Ikal pun tak ingin jadi bujang pengangguran selamanya. Hasrat persaingan dengan
Zinar kini menggelegar. Ikal, lalu mendaftarkan diri bekerja di warung kopi pamannya,
yang keras lantang dan bermulut kasar. Tak mudah memang mencari pekerjaan. Ikal terus
mencari cara untuk memikat hati A Ling dengan menantang Zinar. Bermodal kawan
dengan Grand master catur internasional, Nochka, yang selalu ia hubungi via chatting
online, ia menantang Zinar bercatur. Tapi, malangnya Ikal, ia tak mampu berkutik dari
kepiawaian Zinar. Tak cukup disitu, ia pun menantang Zinar dalam berbagai hal, tapi tak
pernah unggul. Bahkan, sampai ke masalah tinggi badan.
Sampailah kepada cerita ketika Ikal memesan alat peninggi badan
bermerek ortoceria! Ia pesan jauh-jauh dari Jakarta, mengorbankan gaji bulanan yang ia
kumpulkan dari bekerja di warung kopi. Diam-diam, tak ingin diketahui siapa-siapa. Ia
begitu yakin alat peninggi badan itu dapat membuatnya lebih tinggi empat sentimeter. Ia
yakin dengan cara itu A Ling akan terkesan padanya. Tapi, kecelakaan naas terjadi ketika
alat itu dipakai. Leher ikal terikat erat dan kakinya menggantung. Ia seperti orang yang
gantung diri. Enong terkejut bukan main menemukan Ikal tergantung hampir mati. Detektif
M.Nur pun apatah lagi. Mereka menyelamatkan ikal dari maut, lalu membawanya ke
Puskesmas sambil digotong di atas bak sepeda, membuat pemandangan lain di
keramaian pasar.
“Masih banyak perempuan lain Boi! Kalau kau kesulitan mencari jodoh, mengapa
tak bicara padaku? Masih banyak keponakanku perawan tua di udik sana!” Enong
menarik napas panjang.
“Apa sukamu hanya anak Tionghoa? Usah kau cemas. Kenalanku banyak
perempuan Tionghoa yang tak laku-laku! Mau Hokian, Khek, Ho Pho, Tongsan, lengkap!
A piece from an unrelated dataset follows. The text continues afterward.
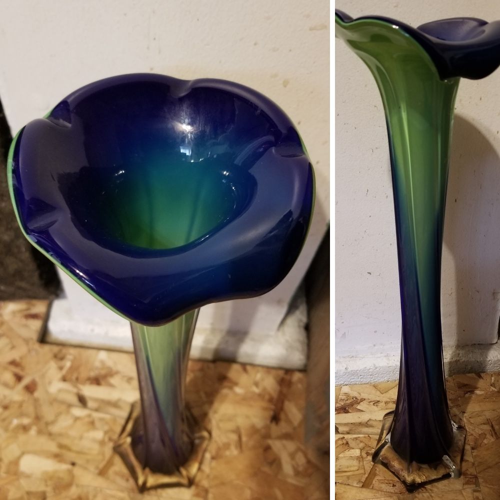 Blue and green glass vase; size 15.25″ tall

Janganlah berputus asa. Lihatlah Kakak, ni, dari kecil Kakak susah. Cobaan datang
bertubi-tubi, tapi mana pernah Kakak patah harapan. Tak pernah! Hidup ini harus tabah.
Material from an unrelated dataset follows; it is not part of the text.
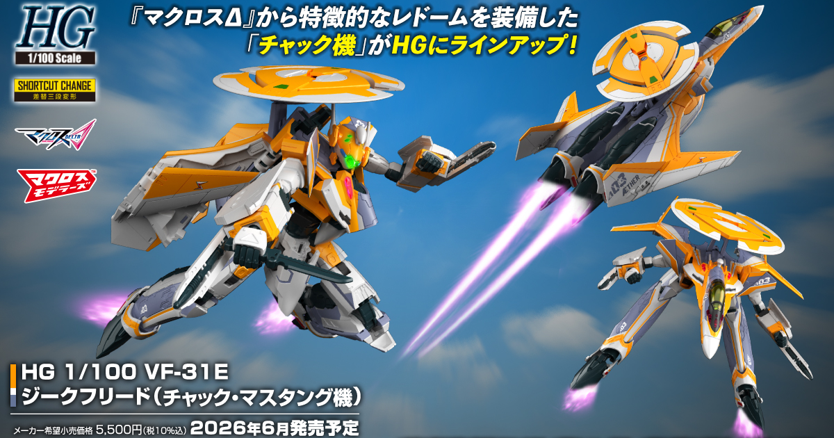 由日本 BANDAI SPIRITS 公司 HOBBY 事業部推出的《超時空要塞》系列『HG(High Grade)1/100 比例』組裝模型,發表了出自《超時空要塞Δ》的最新商品「HG 1/100 VF-31E 英雄式(查克・馬斯坦古機)」預計於 2026 年 06 月發售的消息,此商品將同步推出一般版以及配件更豪華的 DX 版。

Memang benar badanmu pendek, tapi mukamu tak jelek-jelek betul. Paling tidak, kau lihai
berbasa Inggris!”
Malang nian nasib Ikal. Niat lain disangka lain. Tapi apa boleh buat. Cinta butanya
pada A Ling memang tak masuk akal. Kali ini ia benar-benar menyerah, lalu berniat lagi ke
Jakarta.
Tapi, siapa kira, kini ketika esok kan pergi. Tiba-tiba, A Ling berada di depan
pekarangan rumahnya. Ia melihat gadis itu terpaku, ia tampak jengkel dan kesal, seraya
berkata kesal padanya karena mau berlayar dengan Mualim Syahbana ke Jakarta tanpa
memberi tahunya. Tapi, bagaimana pula Ikal kan menyampaikannya. Lantas, perempuan
tionghoa itu berujar, ia tak bisa menemui Ikal saban hari belakangan karena sibuk
membantu sahabat pamannya membuka toko dan penyiapkan perkawinannya.
Rupanya, sahabat pamannya itu adalah Zinar yang akan menikah dengan orang lain. Kini,
undangan Zinar pun diberikannya pada Ikal.